Publication
Enhancing Convolutional Block Attention with Self-Attention on Agricultural Image Classification
Arnab Ghosh Chowdhury; Amos Smith; Martin Atzmueller
In: Proc. IEEE International Conference on Tools with Artificial Intelligence (ICTAI). International Conference on Tools with Artificial Intelligence (AAAI SSS), Los Alamitos, CA, USA, Pages 402-407, IEEE Computer Society, 2025.
Abstract
Convolutional Neural Networks (CNNs) demonstrate significant performance on RGB images and have been applied in precision agriculture to assist in processes such as weed control, plant disease detection, and fruit quality management. The representational power of CNNs is enhanced by the Convolutional Block Attention Module (CBAM), which uses a channel and a spatial attention modules. The respective spatial inductive biases allow CNNs to learn representations with fewer parameters in several vision tasks. Moreover, selfattention based Vision Transformer (ViT) models are leveraged to learn the global representations. They are memory and compute intensive unlike CNNs. MobileViT combines the strengths of CNNs and Transformers to build ViT models for mobile vision tasks. In this paper, we propose two types of a Convolutional Block with Spatial Self-Attention Module (CBwSSAM) that harness a channel attention and a MobileViT-based spatial selfattention, respectively. The proposed modules can be integrated into any CNN architecture seamlessly.

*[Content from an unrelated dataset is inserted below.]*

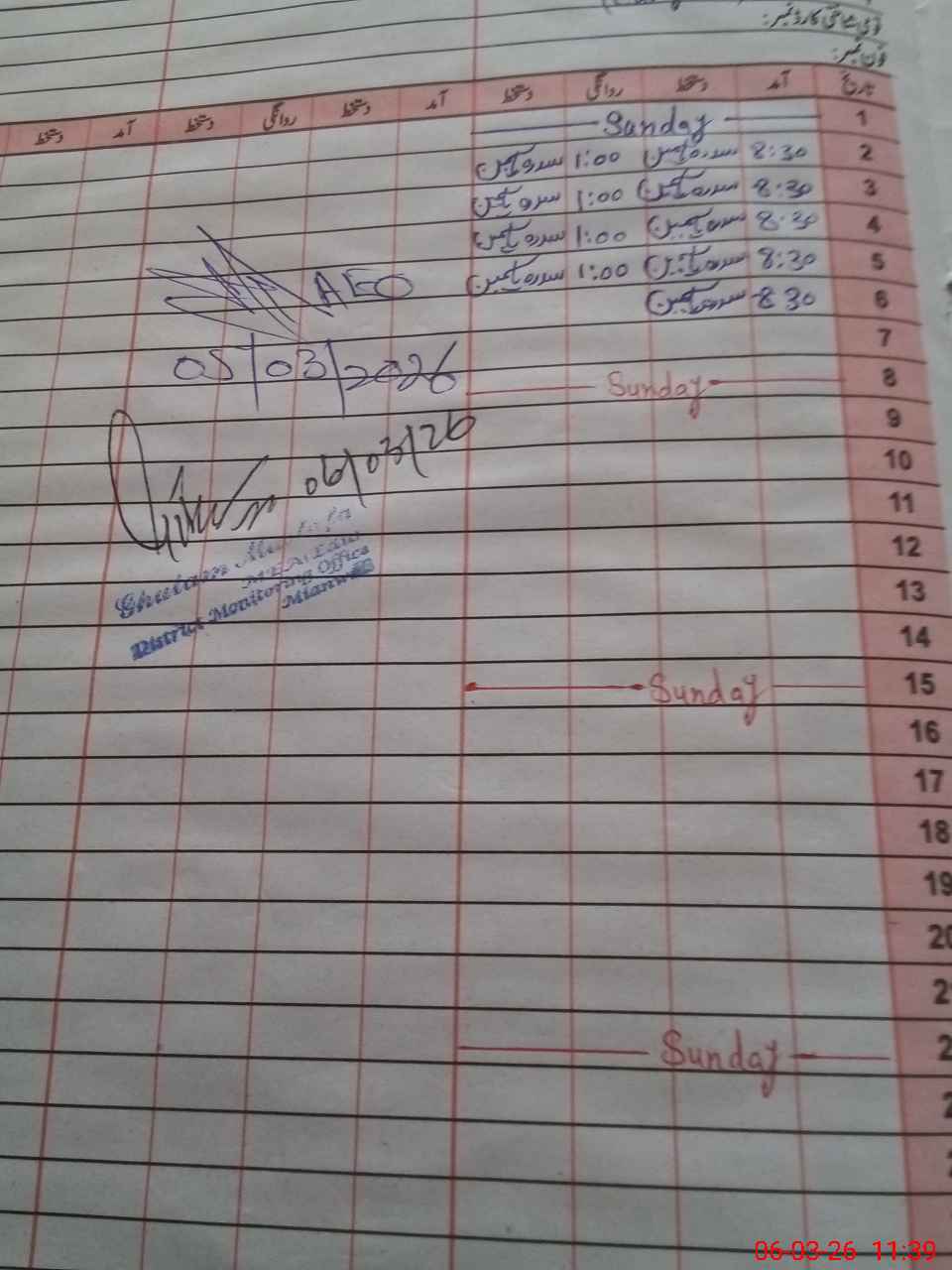 | Name of AEO: | AEO Contact No.: | MEA Phone#: 03**** | ||

Furthermore, we leverage the lightweight BlazeFace model, which has previously been proposed for face detection tasks on mobile GPUs. We analyze an image classification model based upon the BlazeFace feature extraction network that incorporates CBwSSAM, aimed towards deployment on mobile and edge devices. Our evaluation results on three publicly available datasets demonstrate the efficacy of the proposed modules towards agricultural image classification.